**EXERCISE OBJECTIVE:**
Would you return, word for word, the lines running from the one with "त्यस्तै जाजरकोट जिल्लाका" to the final line of the listing below, pictures omitted?

**DATA SHOWN:**
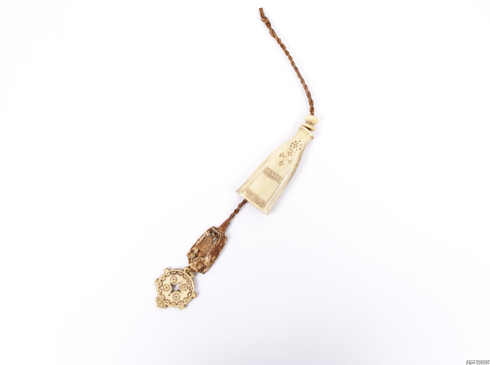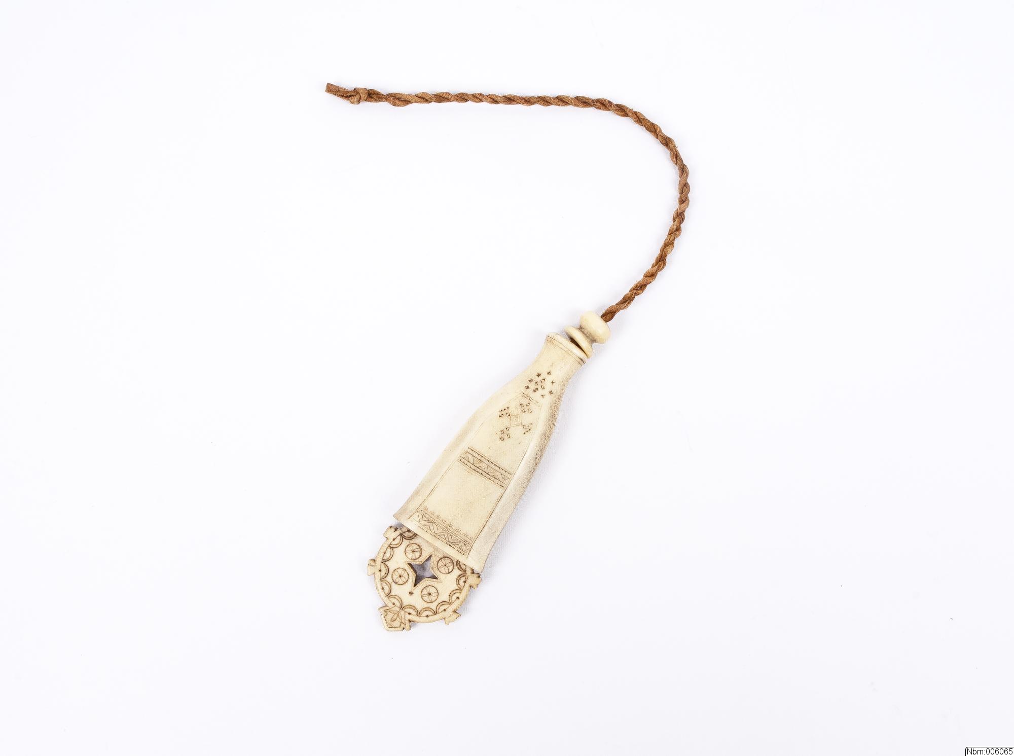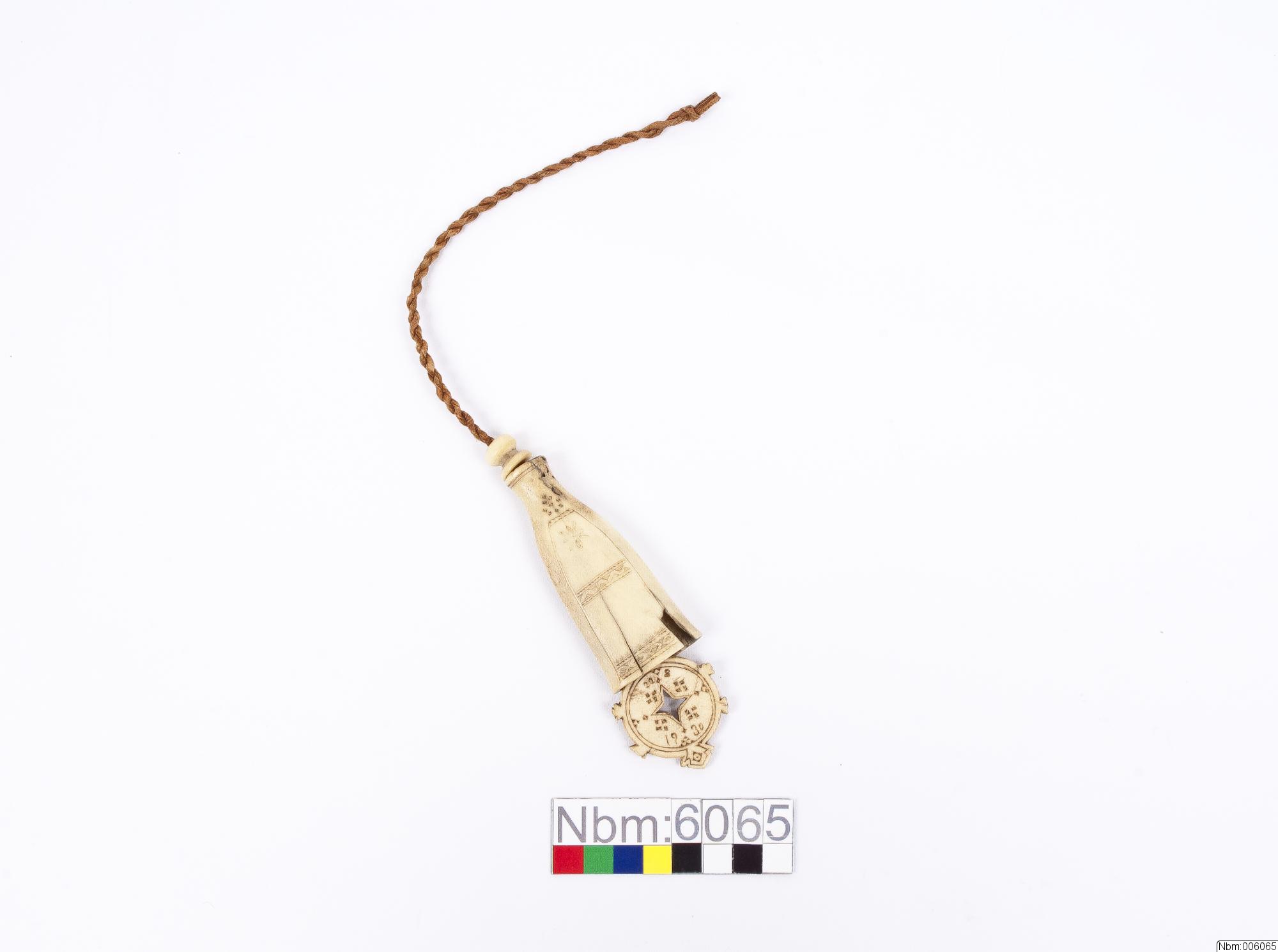 Nålhus av horn. Uddsticksmönster på båda sidor. Upptill en hornpropp som glider på skinnsnodd. Nertill en hornplatta med ornament, inristat på plattan: 22.8 1930.
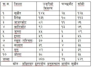 त्यस्तै जाजरकोट जिल्लाका ८२ वटा, कालिकोट जिल्लाका ९२ वटा, दैलेख जिल्लाका १३१ र सुर्खेत जिल्लाका १४५ रहेको अख्तियार दुरुपयोग अनुसन्धान आयोग सुर्खेतको तथ्याङ्कले देखाएको छ । चालू आर्थिक वर्षको तीन महिनामा जम्मा ९१ उजुरी फच्छ्र्यौट भएको छन् । जसमा सबैभन्दा वढी सुर्खेत जिल्लाका २५ वटा रहेका छन् । त्यस्तै दैलेख जिल्लाका ३७ वटा, जाजरकोटका १९, कालिकोटका ११ वटा, हुम्लाका ४ वटा, जुम्ला जिल्लाका १२ र रुकुम पश्चिमका १८ उजुरी फच्छ्र्यौट भएका छन् । त्यस्तै कालिकोट जिल्लाका १३, जाजरकोटका ११ वटा, जुम्लाका ६ वटा, रुकुम पश्चिमका ५ वटा र सल्यान जिल्लाका ४ वटा उजुरी फच्छ्र्यौट भएका छन् । त्यस्तै डोल्पा, मुगु र हुम्ला जिल्लाका ३÷३ वटा उजुरी फच्छ्र्याट भएका छन् ।
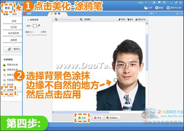 4、自动抠图后如果边缘有不自然的地方,可以点击“美化—涂鸦笔”,在涂鸦界面下,选择背景色的画笔来调整边缘。
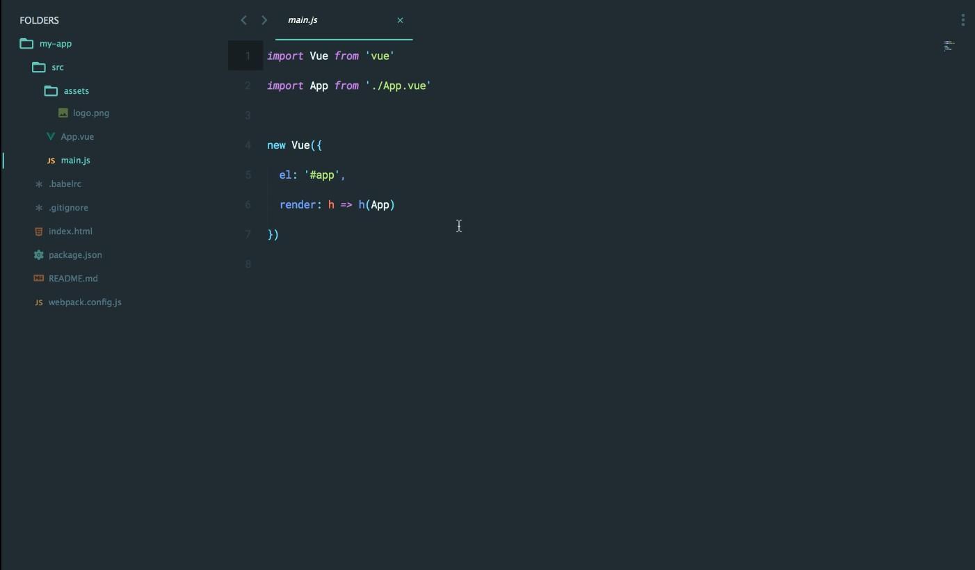 Ở file main.js chúng ta sẽ cùng bắt đầu tìm hiểu cách dùng theo web-pack. Các bạn có thể thấy trong file có thể import các file để sử dụng, cũng như khai báo new Vue
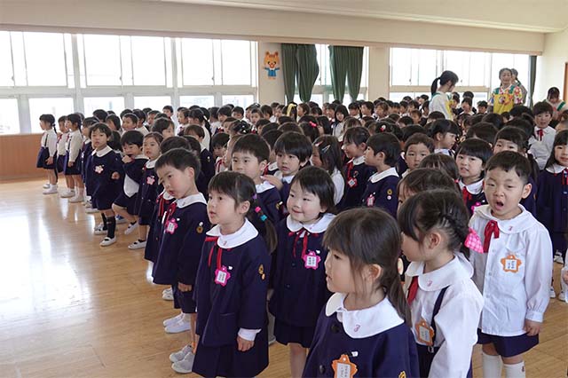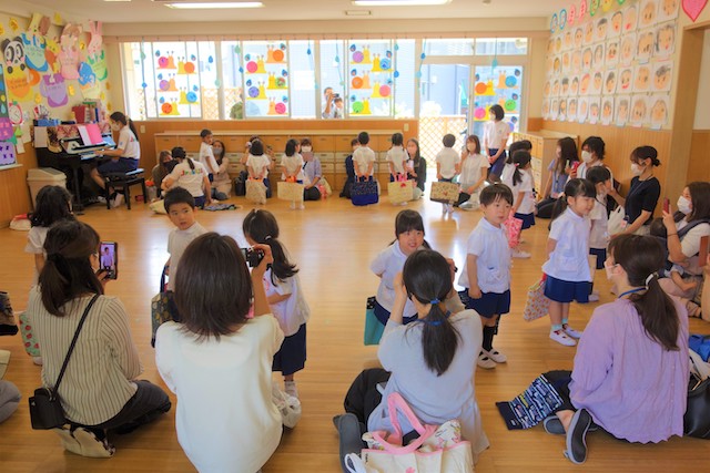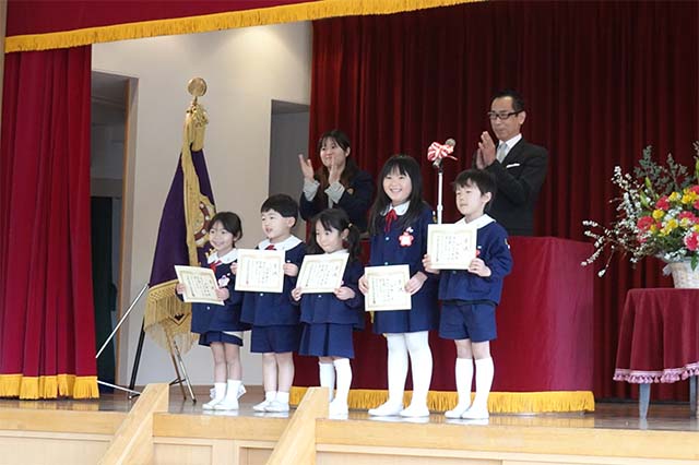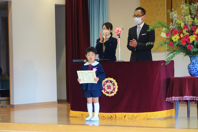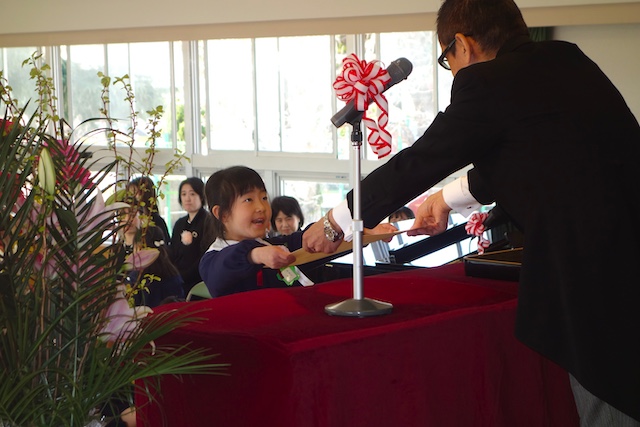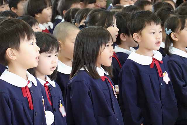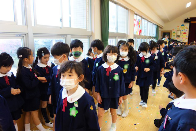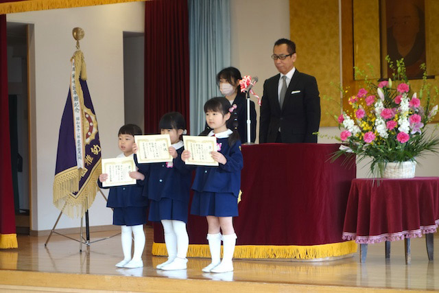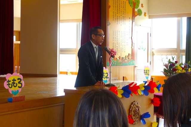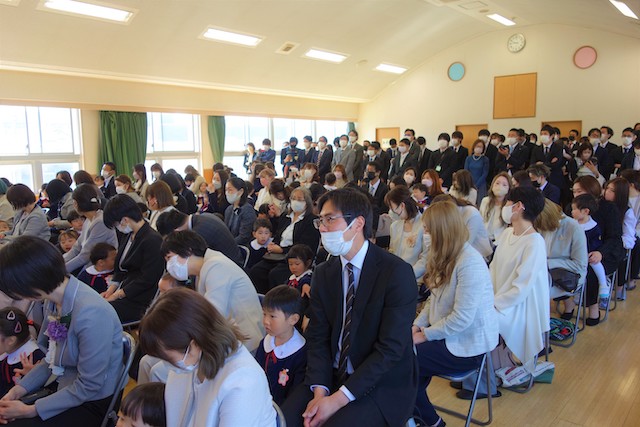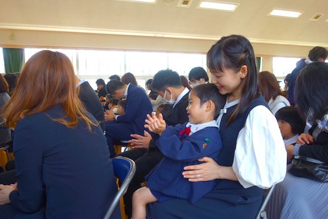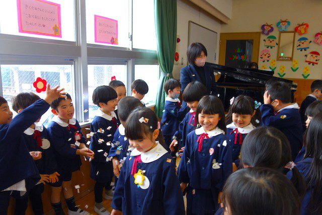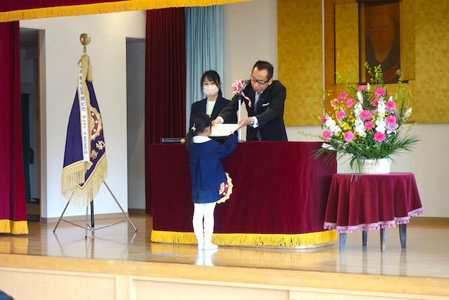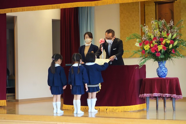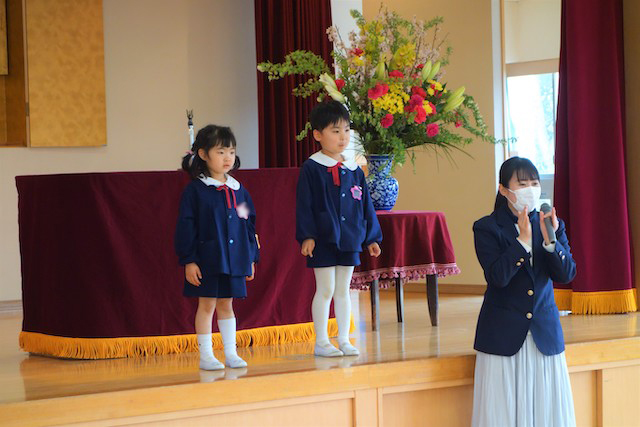 お別れの歌や言葉を聞いてるととても寂しいですが、これから小学校へ巣立つ締めくくりとして胸をはって式に参加します。

**FINISHED TASK:**
 त्यस्तै जाजरकोट जिल्लाका ८२ वटा, कालिकोट जिल्लाका ९२ वटा, दैलेख जिल्लाका १३१ र सुर्खेत जिल्लाका १४५ रहेको अख्तियार दुरुपयोग अनुसन्धान आयोग सुर्खेतको तथ्याङ्कले देखाएको छ । चालू आर्थिक वर्षको तीन महिनामा जम्मा ९१ उजुरी फच्छ्र्यौट भएको छन् । जसमा सबैभन्दा वढी सुर्खेत जिल्लाका २५ वटा रहेका छन् । त्यस्तै दैलेख जिल्लाका ३७ वटा, जाजरकोटका १९, कालिकोटका ११ वटा, हुम्लाका ४ वटा, जुम्ला जिल्लाका १२ र रुकुम पश्चिमका १८ उजुरी फच्छ्र्यौट भएका छन् । त्यस्तै कालिकोट जिल्लाका १३, जाजरकोटका ११ वटा, जुम्लाका ६ वटा, रुकुम पश्चिमका ५ वटा र सल्यान जिल्लाका ४ वटा उजुरी फच्छ्र्यौट भएका छन् । त्यस्तै डोल्पा, मुगु र हुम्ला जिल्लाका ३÷३ वटा उजुरी फच्छ्र्याट भएका छन् ।
 4、自动抠图后如果边缘有不自然的地方,可以点击“美化—涂鸦笔”,在涂鸦界面下,选择背景色的画笔来调整边缘。
 Ở file main.js chúng ta sẽ cùng bắt đầu tìm hiểu cách dùng theo web-pack. Các bạn có thể thấy trong file có thể import các file để sử dụng, cũng như khai báo new Vue
 お別れの歌や言葉を聞いてるととても寂しいですが、これから小学校へ巣立つ締めくくりとして胸をはって式に参加します。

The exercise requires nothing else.